Home Are we missing a Ranges customization point?
Post
Cancel

Are we missing a Ranges customization point?

Let’s say we’re writing one container that we’re implementing in terms of another container. If we want to make my container a range based entirely on that other container, that’s easy:

template <typename T>
class StableVector {
    std::vector<T*> impl;

public:
    auto begin() const { return impl.begin(); }
    auto end() const { return impl.end(); }
};

However, let’s say we don’t want to make StableVector<T> behave exactly like std::vector<T*>. As the name might suggest, we want it to be a range of T (where the underlying std::vector is an implementation detail), not a range of T*. So what do we do?

C++20 Ranges?

This is where Ranges can help us out. If we have an object of type StableVector<T> we can adapt it the way we want:

sv | views::transform(*_1)

This is using Boost.Lambda2, which is a delightfully terse way of expressing this simple idea (now also proposed as P3171), but obviously isn’t the only way to spell that function.

But I didn’t say that I want the user of StableVector<T> to be able to do this adaption. I want me, as the author of StableVector<T> to do it (so that users don’t have to).

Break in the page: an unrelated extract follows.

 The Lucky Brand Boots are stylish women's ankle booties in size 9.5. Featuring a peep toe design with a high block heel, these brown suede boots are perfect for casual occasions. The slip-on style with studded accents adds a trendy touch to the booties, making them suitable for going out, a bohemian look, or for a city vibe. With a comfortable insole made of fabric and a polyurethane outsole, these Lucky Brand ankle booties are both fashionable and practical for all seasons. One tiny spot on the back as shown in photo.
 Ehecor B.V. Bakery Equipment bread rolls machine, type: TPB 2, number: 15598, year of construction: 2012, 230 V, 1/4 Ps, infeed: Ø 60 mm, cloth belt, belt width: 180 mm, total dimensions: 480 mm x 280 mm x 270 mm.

Here’s where you might think we can just write this:

template <typename T>
class StableVector {
    std::vector<T*> impl;

public:
    auto begin() const { return views::transform(impl, *_1).begin(); }
    auto end() const { return views::transform(impl, *_1).end(); }
};

After all, we have a range adaptor, so we just adapt our range and pull out the iterators. Right?

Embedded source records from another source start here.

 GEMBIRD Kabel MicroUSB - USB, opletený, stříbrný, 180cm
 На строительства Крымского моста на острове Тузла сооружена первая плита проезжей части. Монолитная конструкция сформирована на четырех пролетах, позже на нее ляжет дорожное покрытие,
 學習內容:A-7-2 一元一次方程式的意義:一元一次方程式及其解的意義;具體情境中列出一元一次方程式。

This unfortunately doesn’t work. We’re returning iterators into two different views, and the views go out of scope before we even finish returning those iterators. There are some types for which this is okay, but views::transform isn’t one of them.

That category of types is called borrowed ranges.

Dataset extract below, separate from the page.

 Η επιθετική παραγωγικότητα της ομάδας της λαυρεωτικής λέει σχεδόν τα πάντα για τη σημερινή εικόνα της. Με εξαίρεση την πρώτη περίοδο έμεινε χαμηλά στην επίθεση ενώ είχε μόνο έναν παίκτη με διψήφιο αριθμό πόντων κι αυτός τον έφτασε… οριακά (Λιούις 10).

Moreover, even if views::transform happened to be a borrowed range, the problem we’re describing is a general pattern so you could simply replace the transform with another adaptor (or sequence of adaptors) of your choice.

So C++20 ranges are no help for this particular problem.

Boost.Ranges?

While adapting ranges is typically [significantly] better than adapting iterators, this is one case where adapting iterators is what we would actually need. The C++ Standard Library doesn’t really have a lot of iterator adaptors though (just a few, like move_iterator, reverse_iterator, etc.). The range adaptors’ iterator types tend to have exposition-only, private constructors that are only intended for use by their respective ranges. So we can’t simply use ranges::iterator_t<ranges::transform_view<V, F>> here since we wouldn’t know how to construct it. And even if you could construct it, they wouldn’t work anyway, since many of the iterators keep pointers to their parent range to stash various state that they need (like the one we need for this problem).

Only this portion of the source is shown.